There really is not much to hook up any more with a new plow all you do is hook up power leads and grounds and mount a solenoid. Cheek your plug, unplug it and look in side are the pins straight and make sure it is plugged in tight. Cheek the connections at the solenoid. then cheek the looming for your controller through the fire wall to the controller for any cuts and any loose connectors. If this does not fix it take the cover off of the pump and cheek the connections there. Be careful not to drop the plow on your foot. lol
Or,,do you know the name of the guy that owns the shop you bought your plow from? I would look him up and tell him your new plow does not work right and you need it to work right as you have to make a living too. He already has your money. service ??Warranty??


----------



## esshakim (Jul 3, 2005)

checked out the connections at the pump and the plows motor is still making the noise. Seriously dont know wut to do. all ready called my dealer and told them i want a new plow and im returning this one. since it hasnt touch a storm yet or been used. I have 45 pissed off accounts that want their snow done, currently trying to get ahold of a backup drive who is out doing his own accounts. I appreciate the help if anyone else has an idea of what might be wrong please inform me thx


----------



## SnoFarmer (Oct 15, 2004)

Your telling me the guy that you got the plow from after paying $$$
he won't meet you at his shop and fix it today??

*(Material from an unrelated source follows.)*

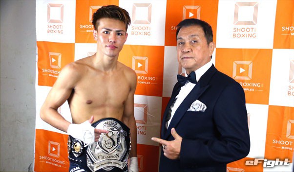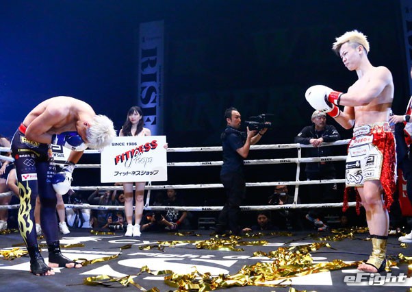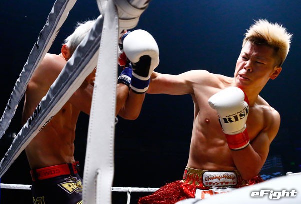内藤をパンチ連打でロープに釘付けにする那須川

What happened in taking some pride in what you do???
I guess you can't get any service any more..:realmad:


----------



## esshakim (Jul 3, 2005)

tried getting ahold of the dealer, and that didnt work, ive made several attempts to contact other plow companies in the area, i even approaced several drivers and no body can determine wut the hell is wrong with this plow.


----------



## SnoFarmer (Oct 15, 2004)

Don't call the dealer there probably closed, call the guy that sold you the plow?
Do you know his name, did you get his card? Look him up at his home # and call him and have him fix it!!!


----------



## esshakim (Jul 3, 2005)

i know his name and just can get ahold of him at home i left a message


----------



## SnoFarmer (Oct 15, 2004)

Keep trying.(calling him).... good luck.. hopefully someone else on here can help you.. Have you gone to Boss web site and look at there troubleshooting chart?


----------



## esshakim (Jul 3, 2005)

been to the boss site, i made my own guess on wuts wrong im thinking its electrical and has something to do with the motor, bc when the remote control is on the motor continues to make a noise that its not suppose to be making. now i just have to figure out how to fix this problem, i


----------



## esshakim (Jul 3, 2005)

turns out the problem with my plow was the remote control there was a short circuit in it which caused the plow motor to run non stop


----------